* _Work item_: Reproduce every line of the listing as written, apart from the pictures.

* _Material provided_:
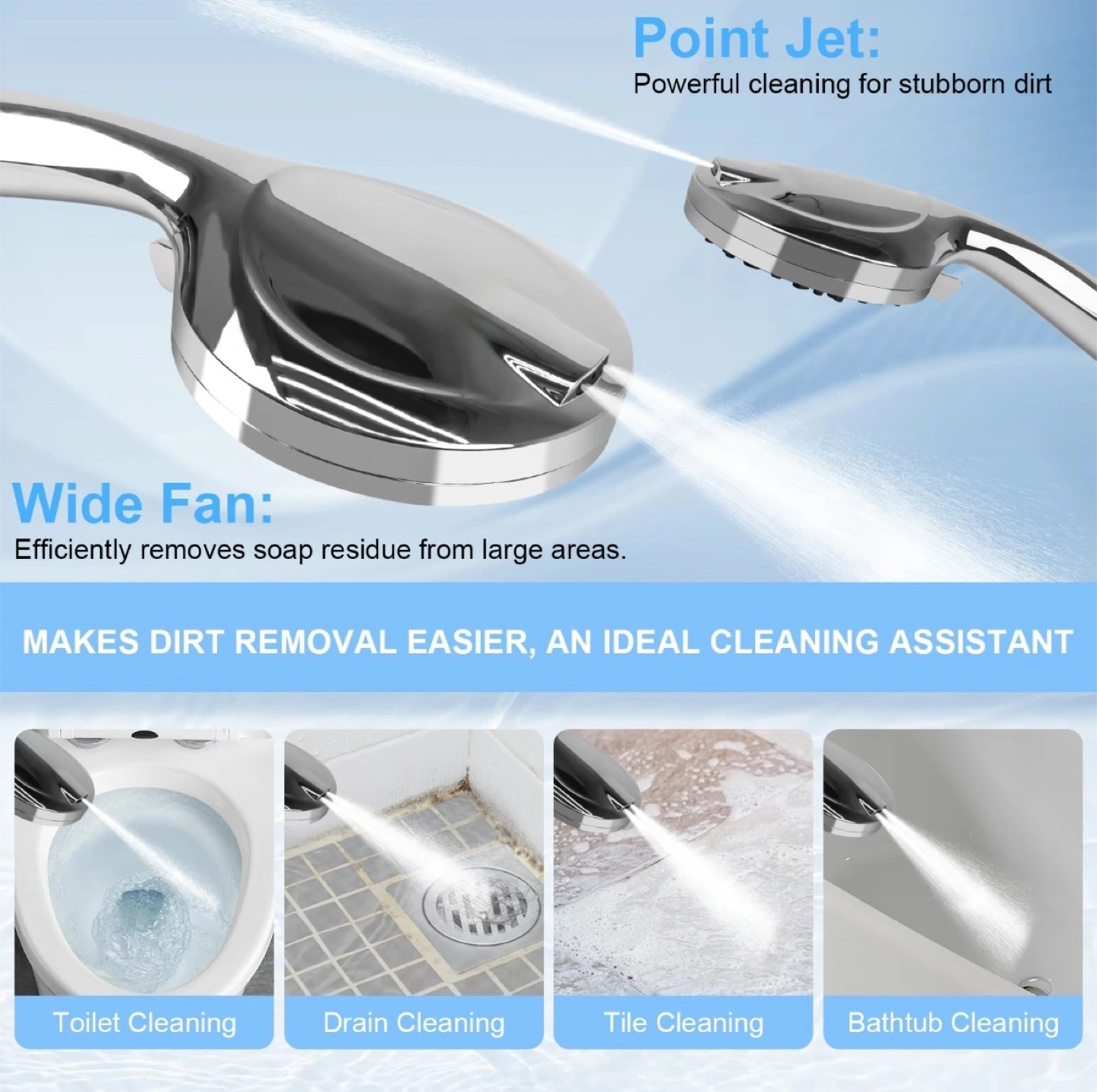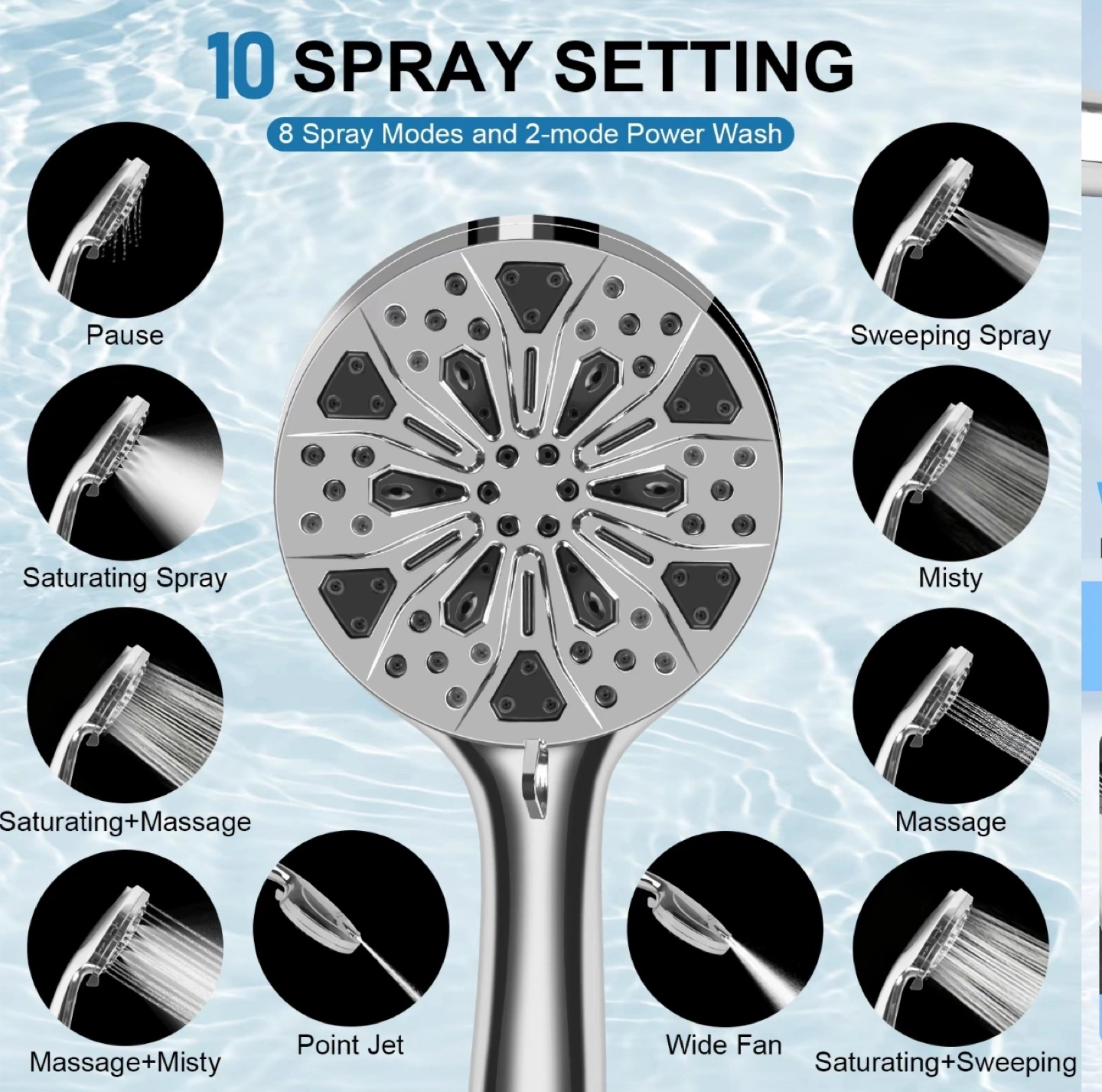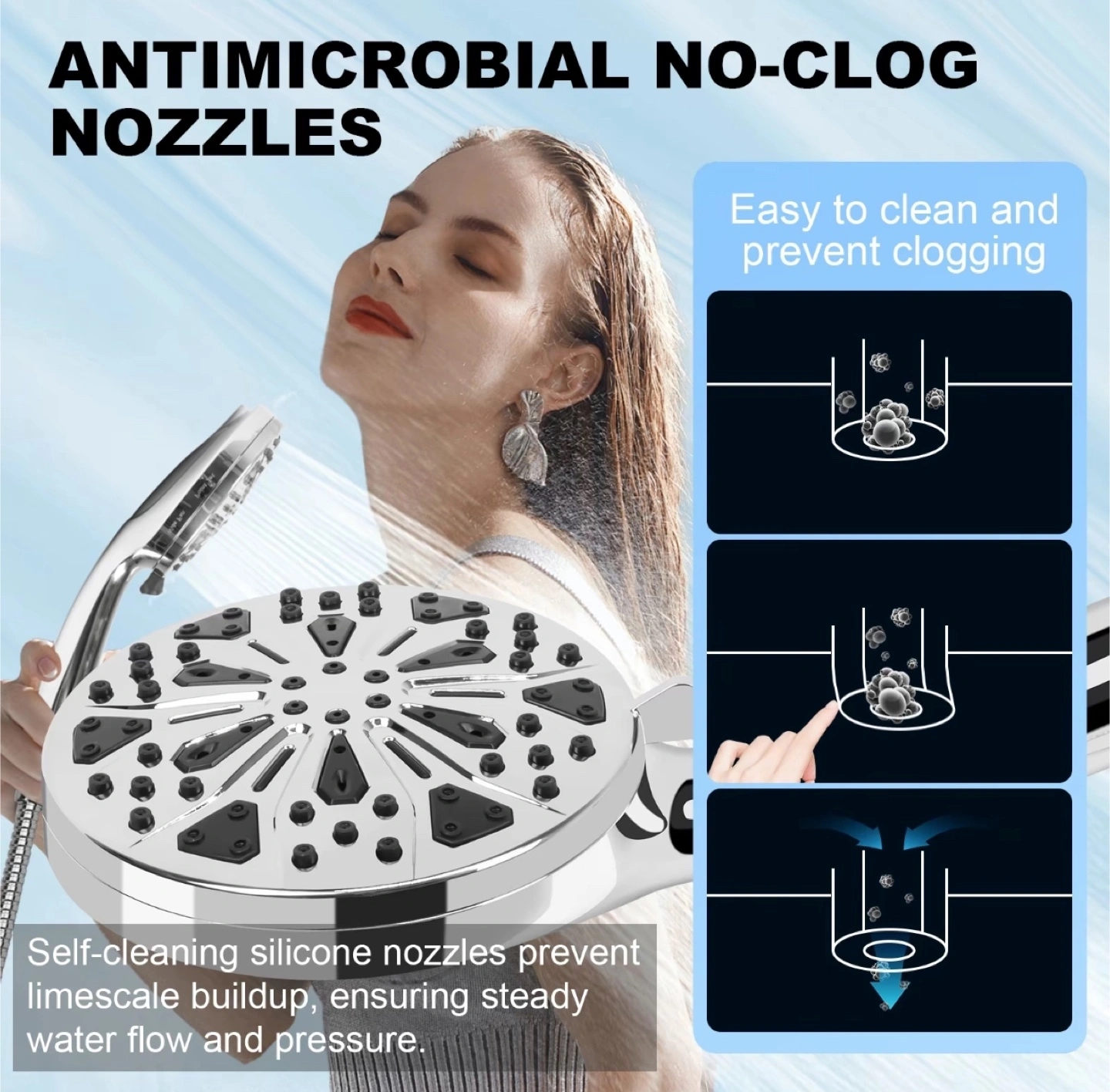 Chrome shower head. Features antimicrobial nozzles. Provides a soothing shower experience every time.
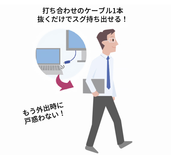 また、USBハブを2ポート搭載しているので、ノートPCに接続していたマウスやキーボード、WEBカメラなどをつなげておくことで、接続がスッキリします。打合わせはもちろん、出張や外出時も、ケーブル1本抜くだけですぐにPCを持ち出せます。
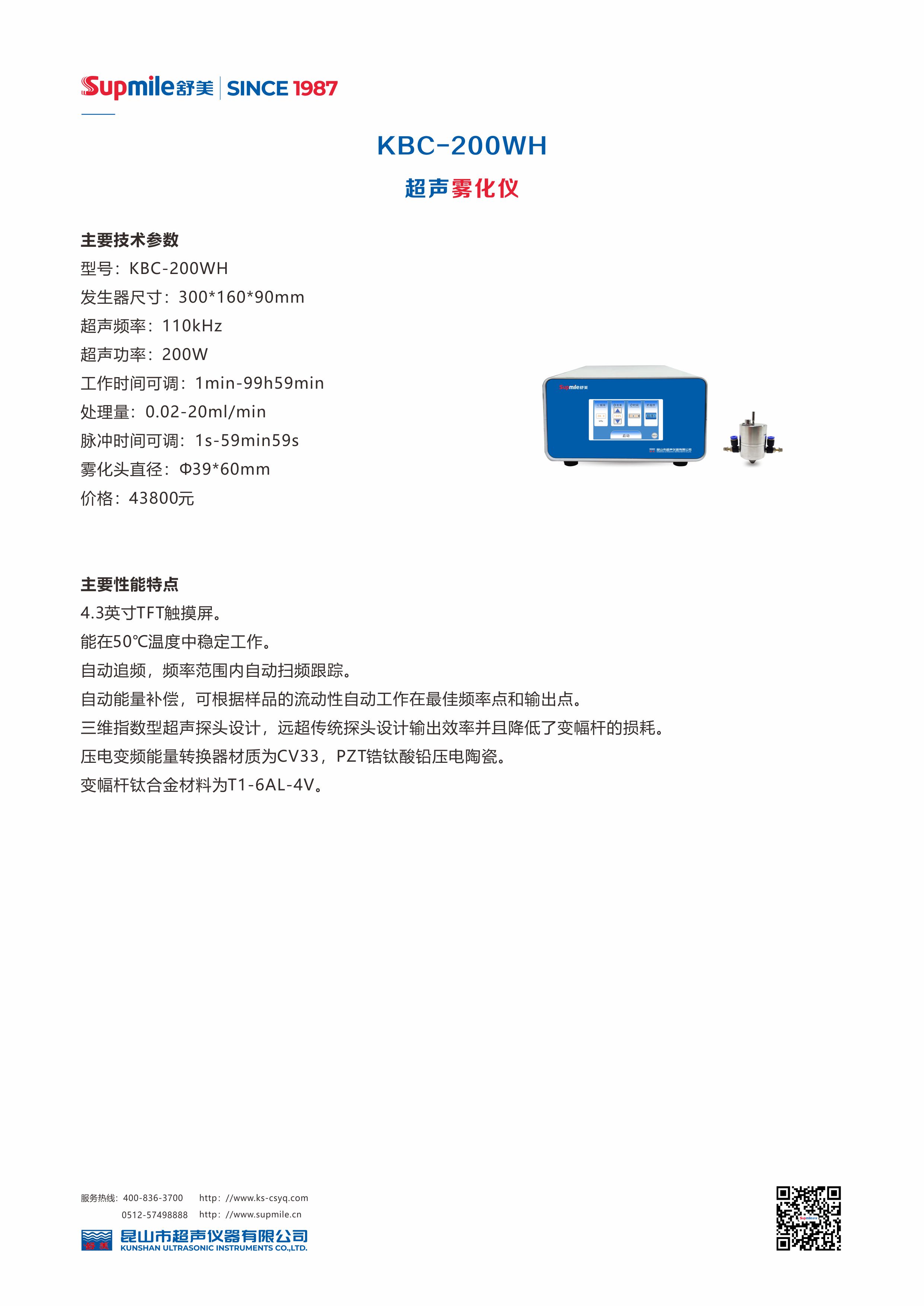 1、技術優(yōu)勢:超聲波高頻霧化設備,本品采用微孔霧化,頻率涵蓋45KHz低頻段及110KHz高頻段,霧化粒徑細微,粒徑可達2-10um;三維指數(shù)型超聲探頭設計,具有自動追頻、自動能量補償功能。
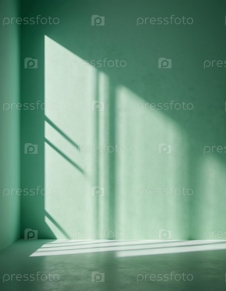 Зеленая стена и большое окно. Солнечный свет струится через окно, отбрасывая длинные тени на стену. Комната светлая и просторная, чистая, в стиле минимализма. Фон для интерьера или деИИ
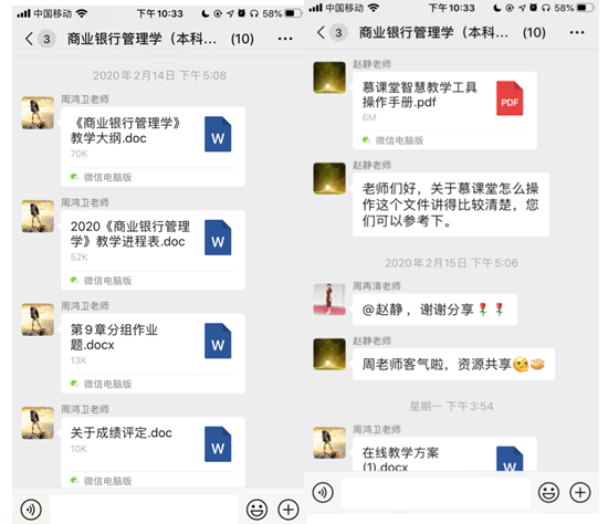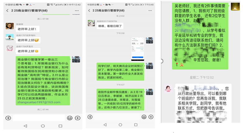 前期的线上教学开展以来,《商业银行管理学》教学团队的老师们通过慕课平台和微信课程群积极与学生互动,授课之余为同学们答疑解惑。
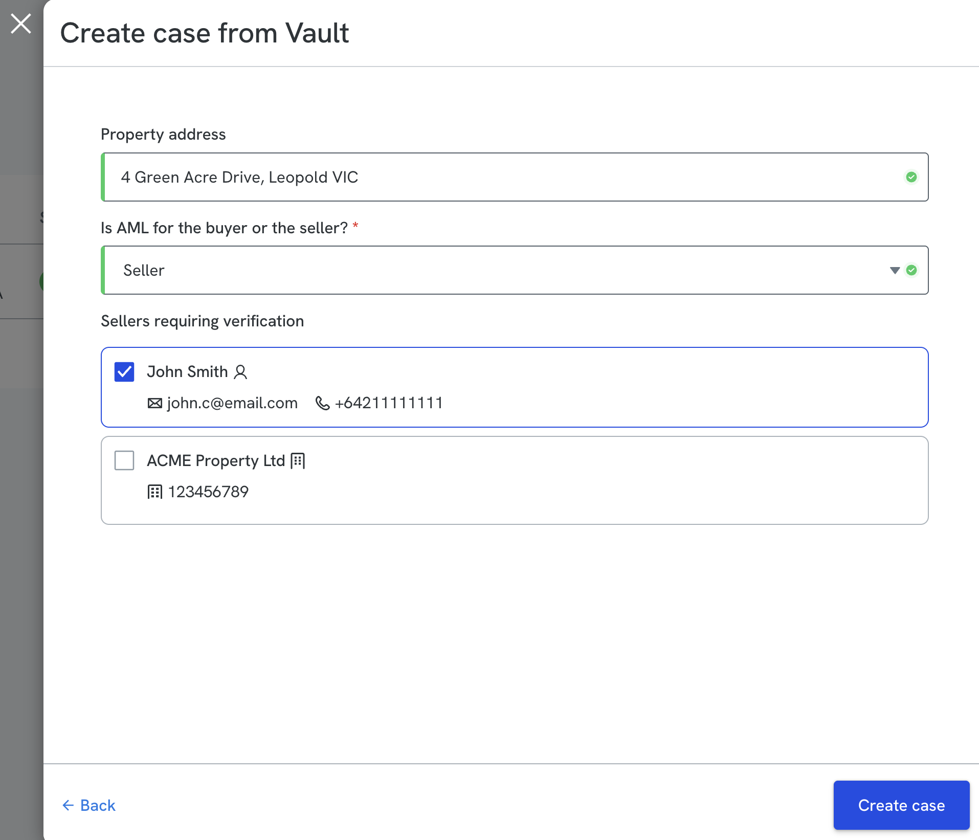 d. If both sellers and buyers are associated with the property, confirm whether the case relates to the seller or buyer, then select the Vault contacts that require verification.

* _Task result_:
 Chrome shower head. Features antimicrobial nozzles. Provides a soothing shower experience every time.
 また、USBハブを2ポート搭載しているので、ノートPCに接続していたマウスやキーボード、WEBカメラなどをつなげておくことで、接続がスッキリします。打合わせはもちろん、出張や外出時も、ケーブル1本抜くだけですぐにPCを持ち出せます。
 1、技術優(yōu)勢:超聲波高頻霧化設備,本品采用微孔霧化,頻率涵蓋45KHz低頻段及110KHz高頻段,霧化粒徑細微,粒徑可達2-10um;三維指數(shù)型超聲探頭設計,具有自動追頻、自動能量補償功能。
 Зеленая стена и большое окно. Солнечный свет струится через окно, отбрасывая длинные тени на стену. Комната светлая и просторная, чистая, в стиле минимализма. Фон для интерьера или деИИ
 前期的线上教学开展以来,《商业银行管理学》教学团队的老师们通过慕课平台和微信课程群积极与学生互动,授课之余为同学们答疑解惑。
 d. If both sellers and buyers are associated with the property, confirm whether the case relates to the seller or buyer, then select the Vault contacts that require verification.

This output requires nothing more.